What to work on: Your task is to repeat the entries word for word while leaving out the pictures.

[Data excerpts]
-- Opening Marker --
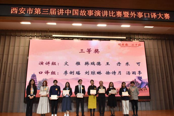 2023年12月10日,西安市第三届“悦西安 阅中国”讲中国故事演讲比赛暨外事口译大赛决赛于西安外国语大学举行。由翻译系和MTI中心教师巢玥指导,公司2022级翻译硕士员工张奕扬和李俐瑶参加比赛,分别获得一等奖和三等奖。
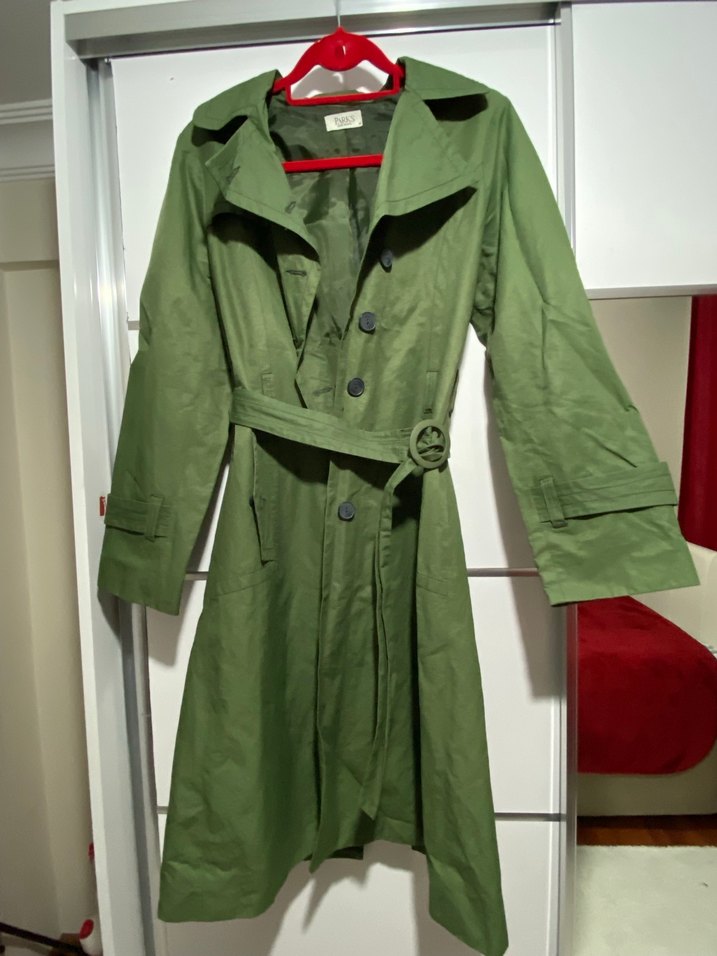 Kadınlar için parlak yeşil renkli, kemerli, normal boy midi trençkot. Uzun kollu, geniş kesim ve klasik yakalı tasarım.
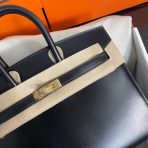 This is a replica ###Hermès Birkin 25 Noir Box Gold Hardware. ###
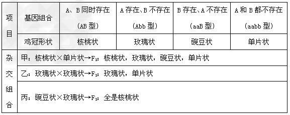 4、填空题 家禽鸡冠的形状由两对基因(A和a,B和b)控制,这两对基因按自由组合定律遗传,与性别无关。据下表回答问题:
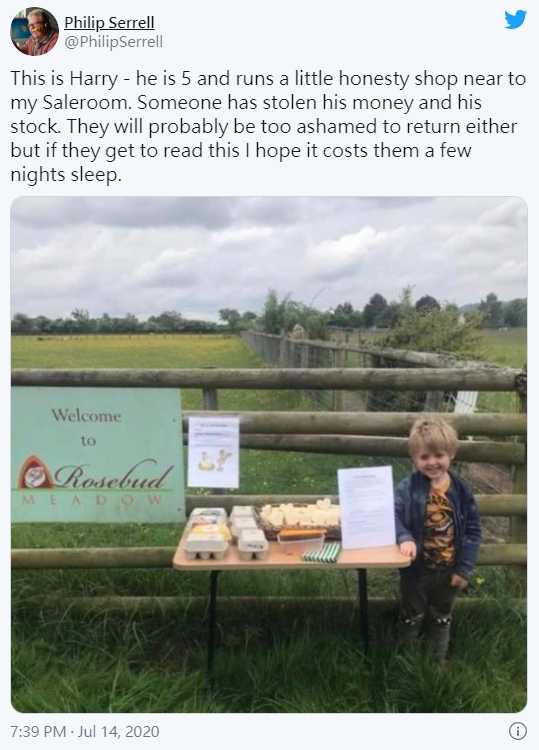 這件事被一位名叫菲利浦(Philip Serrell)的拍賣商分享到推特上,許多網友都很心疼小哈利,並表示希望能盡自己一己之力讓誠實商店再度恢復營業。
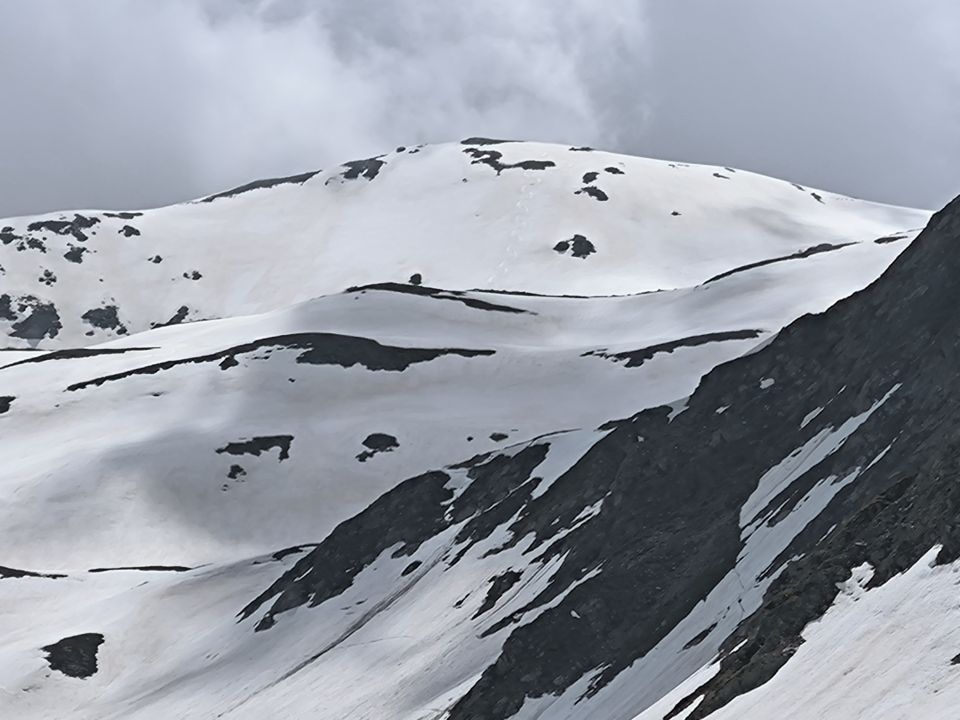Obwohl letzte Nacht kurz der Mond schien, war die nächtliche Abstrahlung dürftig. Der Aufstieg war ohne Harscheisen und ohne Abrutschen im weichen Schnee schnell gemacht. Die schöne homogene steile Flanke am Gipfel war mir zu weich und damit zu heikel, um sie abzufahren. Ich fuhr beim Grat runter mit gebührenden Abstand zu den Wechten. Die Abfahrt ging direkt zum Furkapass runter, um von dort zusätzlich auf die höchste Erhebung des Stotzigen Firsten zu gehen. Die dortige Nordflanke war im Gegensatz zur Südflanke beim Klein Furkahorn einladend und al Dente perfekt um runter zu fahren. Die Tour zieht sich mit dem 2 Gipfeln in die Länge. Aber bei der Ruhe am geschlossenen Furkapass und ohne jegliche andere Skitourer eine genussreiche Stimmung. Ab Samstag sieht es dort anderst aus....
-- Closing Marker --
Answer section:
 2023年12月10日,西安市第三届“悦西安 阅中国”讲中国故事演讲比赛暨外事口译大赛决赛于西安外国语大学举行。由翻译系和MTI中心教师巢玥指导,公司2022级翻译硕士员工张奕扬和李俐瑶参加比赛,分别获得一等奖和三等奖。
 Kadınlar için parlak yeşil renkli, kemerli, normal boy midi trençkot. Uzun kollu, geniş kesim ve klasik yakalı tasarım.
 This is a replica ###Hermès Birkin 25 Noir Box Gold Hardware. ###
 4、填空题 家禽鸡冠的形状由两对基因(A和a,B和b)控制,这两对基因按自由组合定律遗传,与性别无关。据下表回答问题:
 這件事被一位名叫菲利浦(Philip Serrell)的拍賣商分享到推特上,許多網友都很心疼小哈利,並表示希望能盡自己一己之力讓誠實商店再度恢復營業。
Obwohl letzte Nacht kurz der Mond schien, war die nächtliche Abstrahlung dürftig. Der Aufstieg war ohne Harscheisen und ohne Abrutschen im weichen Schnee schnell gemacht. Die schöne homogene steile Flanke am Gipfel war mir zu weich und damit zu heikel, um sie abzufahren. Ich fuhr beim Grat runter mit gebührenden Abstand zu den Wechten. Die Abfahrt ging direkt zum Furkapass runter, um von dort zusätzlich auf die höchste Erhebung des Stotzigen Firsten zu gehen. Die dortige Nordflanke war im Gegensatz zur Südflanke beim Klein Furkahorn einladend und al Dente perfekt um runter zu fahren. Die Tour zieht sich mit dem 2 Gipfeln in die Länge. Aber bei der Ruhe am geschlossenen Furkapass und ohne jegliche andere Skitourer eine genussreiche Stimmung. Ab Samstag sieht es dort anderst aus....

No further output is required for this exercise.